WHAT YOU NEED TO DO = Reproduce exactly the lines below, from the first one through the line containing "Tester per prova", and omit any pictures.

============================================================

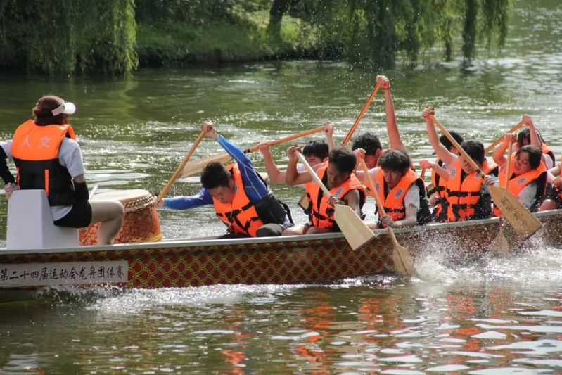 本届校运会龙舟赛共设立 100 米直道竞速和 200 米弯道竞速两个组别,WilliamHill体育同学们积极响应,踊跃参与,在赛场上奋勇争先,凭借顽强拼搏的毅力和默契无间的配合,在两个组别的比赛中充分展现了人文学子精湛的技艺和卓越的团队协作能力。
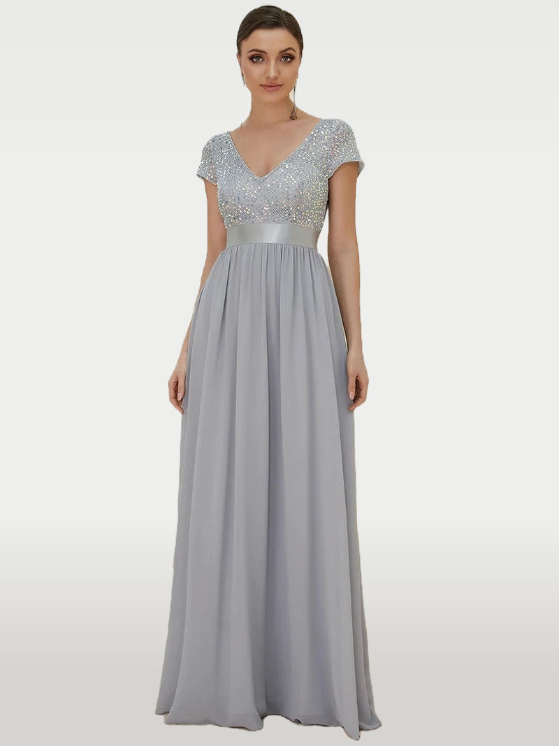 Look stunning and sophisticated at your next formal event in this elegant backless V-neck A-line evening dress. The soft chiffon fabric drapes beautifully, creating a flattering silhouette that flatters all figures. The timeless V-neckline adds a touch of sophistication, while the open back adds a touch of modern allure. This dress is perfect for prom, galas, weddings, or any special occasion where you want to showcase your style with confidence.
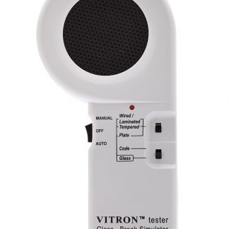 Tester per prova VITRON rilevatore acustico rottura vetro. Genera il rumore di diversi tipi di vetri che si rompono. Alimentazione batteria alcalina 9V.
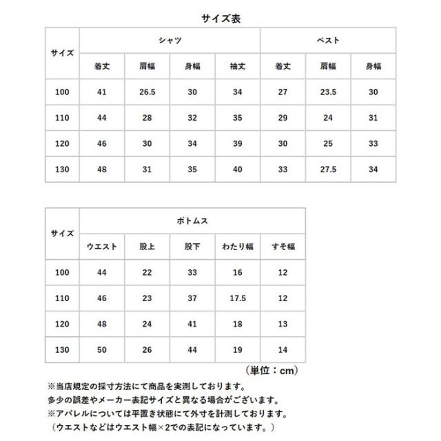| サイズ | [ボーイズ] ・100cm ・110cm ・120cm ・130cm ※サイズについて詳細は、商品画像の中にあるサイズ表をご覧くださいませ。 |
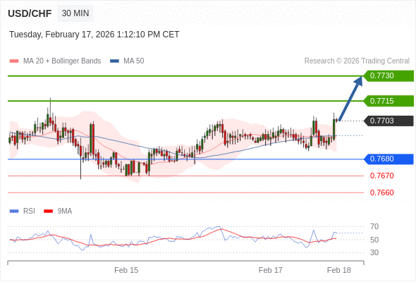 在 0.7680 之上,看涨,目标价位为 0.7715 ,然后为 0.7730 。
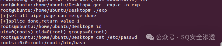 由于第一个字节为零拷贝,这样的话/etc/passwd的第一行变成了roots::…,原本第一行的内容为root:x:…,中间的x表示此用户有密码,而我们把x取消掉了,那么我们生成了一个 uid 为 0 且没有密码的用户roots,
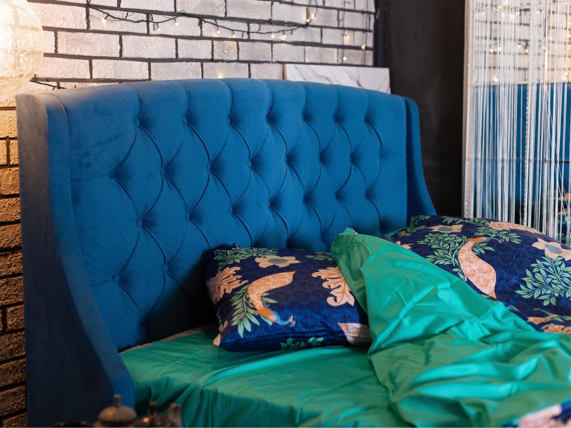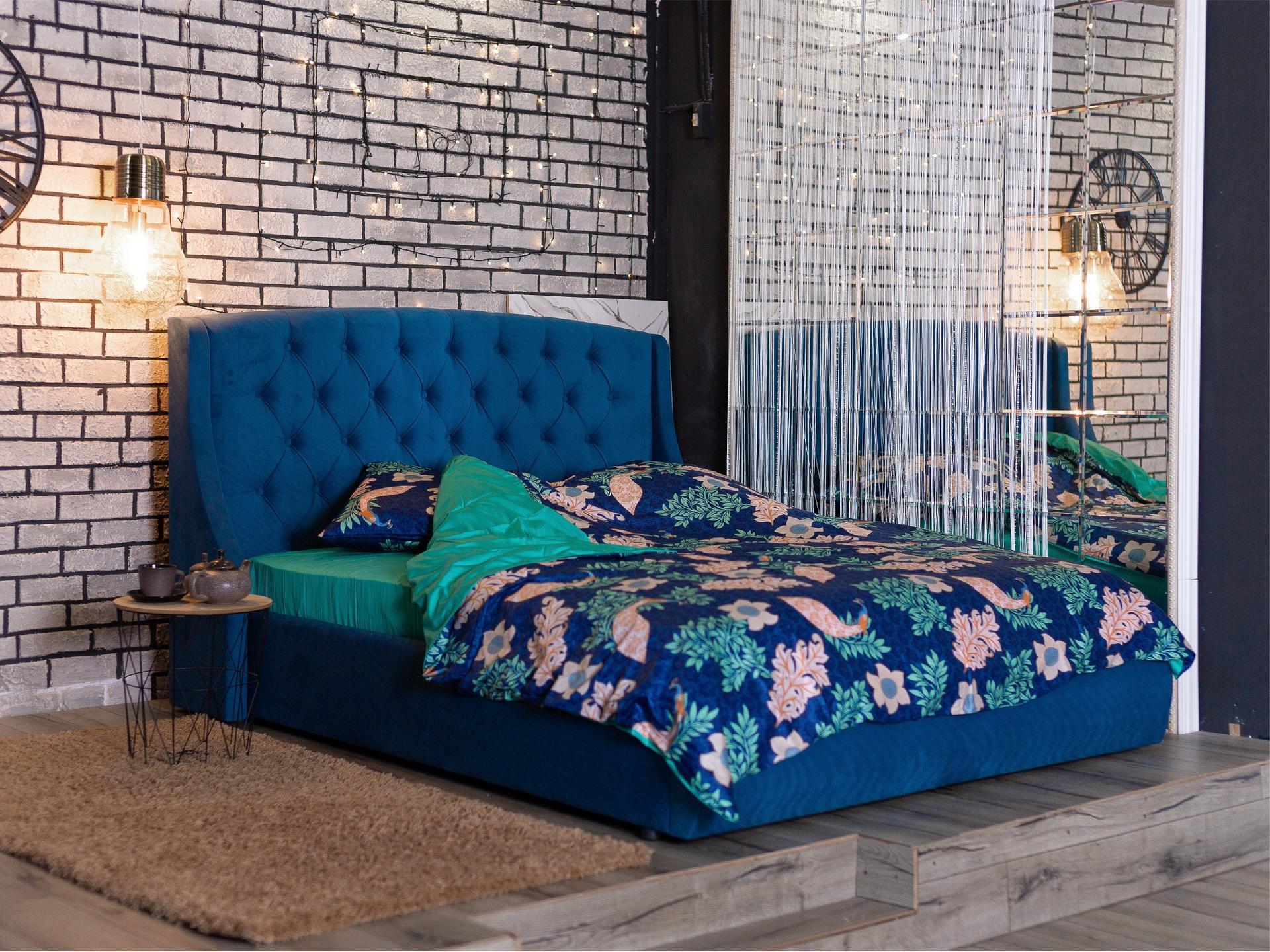 Основной акцент сделан на высоком изголовье с мягкими боковинами – “ушками”. Мягкая спинка изящно оформлены каретной стяжкой с декоративными пуговицами в тон изголовья.

============================================================

WRITTEN RESPONSE =
 本届校运会龙舟赛共设立 100 米直道竞速和 200 米弯道竞速两个组别,WilliamHill体育同学们积极响应,踊跃参与,在赛场上奋勇争先,凭借顽强拼搏的毅力和默契无间的配合,在两个组别的比赛中充分展现了人文学子精湛的技艺和卓越的团队协作能力。
 Look stunning and sophisticated at your next formal event in this elegant backless V-neck A-line evening dress. The soft chiffon fabric drapes beautifully, creating a flattering silhouette that flatters all figures. The timeless V-neckline adds a touch of sophistication, while the open back adds a touch of modern allure. This dress is perfect for prom, galas, weddings, or any special occasion where you want to showcase your style with confidence.
 Tester per prova VITRON rilevatore acustico rottura vetro. Genera il rumore di diversi tipi di vetri che si rompono. Alimentazione batteria alcalina 9V.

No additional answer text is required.